On Fri, Aug 11, 2006 at 10:42:36AM +0100, Michael Rogers wrote:
> Matthew Toseland wrote:
> >The reason for the current lack of performance is overcompensation for
> >load, as evidenced by the low bandwidth usage.
> 
> I think you're probably right - we're responding to load by shutting 
> down links, which makes the remaining links more likely to become 
> overloaded...
> 
> >We could take out load balancing completely, but that might
> >result in a significant slowdown due to slow nodes.
> 
> There's a fundamental tradeoff here: either we redirect traffic from 
> slow nodes to fast nodes, ie misrouting, or we allow the slow nodes to 
> determine the performance of the network. Both approaches create attack 
> opportunities, and I think Ian's right that we need to reason this 
> through from first principles - unfortunately we don't just need a 
> mechanism that works, we need a mechanism that's robust.
> 
> >Load limiting: Sender side, determining how fast to send requests into
> >the network. If there are too many RejectedOverload's, the sender slows
> >down. This will ensure the network is not overloaded, full stop. It
> >works for TCP/IP, it should work for us.
> 
> It works for TCP as long as all the senders are well behaved.

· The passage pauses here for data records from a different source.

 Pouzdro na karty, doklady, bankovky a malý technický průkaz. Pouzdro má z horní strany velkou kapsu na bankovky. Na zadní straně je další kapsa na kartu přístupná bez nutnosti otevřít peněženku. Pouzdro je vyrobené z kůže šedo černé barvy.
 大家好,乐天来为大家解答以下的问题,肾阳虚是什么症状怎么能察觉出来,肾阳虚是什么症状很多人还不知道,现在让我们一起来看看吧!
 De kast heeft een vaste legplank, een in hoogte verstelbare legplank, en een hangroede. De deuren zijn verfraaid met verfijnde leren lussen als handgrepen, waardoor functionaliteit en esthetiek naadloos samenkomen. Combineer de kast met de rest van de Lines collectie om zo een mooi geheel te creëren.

We can't 
> depend on that assumption.

100% agreed, there are numerous attacks possible on the current
mechanism, but we need something we can deploy soon.
> 
> >Load limiting without load balancing: If there are slow nodes near the
> >sender, and we send these an equal proportion of our incoming requests
> >(according to their location), then most of those requests will be
> >rejected, and this results in an overall slowdown.
> 
> Again, assuming the sender is well behaved. If not, the sender's traffic 
> overloads the slow nodes and they reject all traffic from other nodes, 
> causing everyone else to slow down. This doesn't even require the sender 
> to be malicious, just selfish. The sender might also reject incoming 
> requests to slow everyone else down, leaving more bandwidth for himself.

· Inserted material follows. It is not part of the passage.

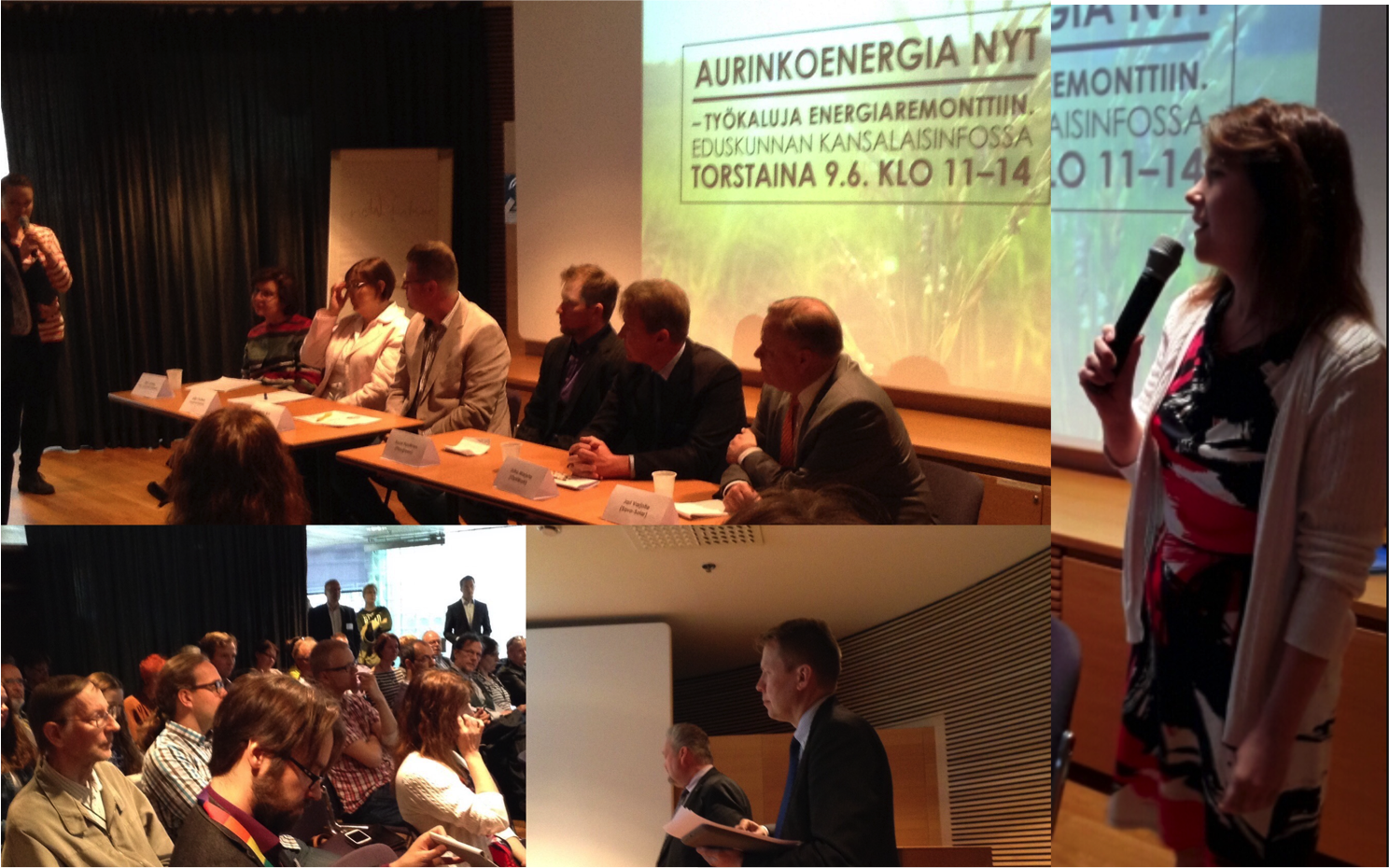 Lähienergialiitto ja kansanedustajat Harri Jaskari, Jari Myllykoski, Johanna Karimäki järjestivät Aurinkoenergia nyt –tapahtuman 9.6.2016 Pikkuparlamentin kansalaisinfossa. Tapahtuma sisälsi paneelikeskustelun, paneeliin osallistuneiden yritysten toiminnan esittelyitä ja tuoreiden aurinkoenergiakirjojen esittelyt.

Sure, as above, that's why we need to move to token balancing. That, and
some more direct security issues.
> 
> >I don't think
> >ethernet collision detection is a viable model for backoff.
> 
> I agree with this - backing off reduces the load on one peer but 
> increases the load on the others, so it's a more complex picture that 
> ethernet backoff.
> 
> Cheers,
> Michael
-- 
Matthew J Toseland - toad at amphibian.dyndns.org
Freenet Project Official Codemonkey - http://freenetproject.org/
ICTHUS - Nothing is impossible. Our Boss says so.